I have recently started the third, and last, book in the 50 Shades of Grey trilogy. Make no mistake, the 50 Shades books are, at their heart, romances, pure and simple, albeit somewhat twisted. I am not normally a reader of romances. They are mostly so predictable (this is at the insistence of publishers who issue specific guidelines about how and when plot twists must occur). Hero and heroine in romance novels typically hate each other until they love each other. It takes them most of the book to first, fight against, and then accept their mutual feelings.
It is the twistedness that makes the 50 Shades series interesting. Christian Grey is a unique and compelling hero. He is devastatingly handsome and fabulously successful but a severely abusive childhood finds him unable to reach sexual satisfaction as an adult except when acting as a Dominant, visiting bondage and discipline upon his Submissive partner. Guaranteed, author E. L. James tells you all you ever wanted to know about how B & D works in great and titillating detail, if in fact, you did want to know. Even if you think you didn't, you might find it more fascinating than you anticipated.
One minor problem I had with 50 Shades was the same one I had with the Twilight series. Is it really believable that worldly and sophisticated men like Vampire Edward and Dominant Christian fall in love with oh-so-innocent and rather ditzy heroines, like Bela and Anastasia Steele? Well, yes, I guess the story demands it because our ladies must be virginal and trusting in order for true love to conquer all which, we know from the start, despite some setbacks and misunderstandings, is what is going to happen.
I have only barely started Book Three of 50 Shades and already Christian and Ana are married with Christian having moved beyond his most controlling and negatives desires. This is my other small problem with the series. I don't believe much in people changing dramatically and quickly, even for love. Can Ana really cause such a metamorphosis in Grey's behavior when years of therapy couldn't?
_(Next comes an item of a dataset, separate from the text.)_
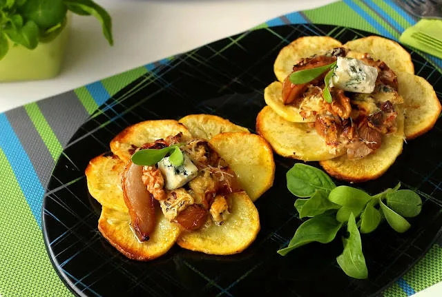 Идея от френската кухня - Двойката синьо сирене класически си партнира чудесно с круши, с орехи, а в случая има и картофи

Of course, we've been set us up for this. Christian, other than his sexual hang-ups, is good and kind and wonderful. He's a terrific employer, a philanthropist whose business goal is to develop technologies to help poor people....his mega-wealth being an almost incidental side effect. He is loving toward his adoptive family. He's even "kind" to his Submissives if you can get past butt plugs and floggers and nipple clamps and all the other accouterments of B & D he keeps in his playroom which Ana calls "The Red Room of Pain".
By Book Three, we're down to just the most erotic and playful and voluntary elements of B & D like hand cuffs and spanking. Ana is in full command at this point. Yes, he can still get angry and domineering but all she has to do is a) protest or b) vamp him and it's all over but the shouting.
I like my heroes to be as much anti-hero as hero. In my own books, the Rafe Vincennes series, (https://www.amazon.com/author/vwilliams) or (http://www.smashwords.com/books/view/126930), the first novel is Sociopath? Rafe's second grade teacher wonders whether a 7-year-old can merit that diagnosis. It is a question readers have to decide for themselves. Rafe too has the love of a beautiful woman but despite that, he remains flagrantly unfaithful. He believes society's rules don't apply to him. Bypassing cops and courts, he perpetrates his own brand of retribution upon those who harm him or his. Rafe too, has his good side, but he is definitely a 50/50 proposition, equal parts dark and light, and it will be ever so. He will not be converted; he will not be redeemed.
And this is what I hope: that at the end of Book Three of the 50 Shades series, Christian still has a bit of his dark side because it is that which sets him apart and makes him more appealing than the general run of romance heroes.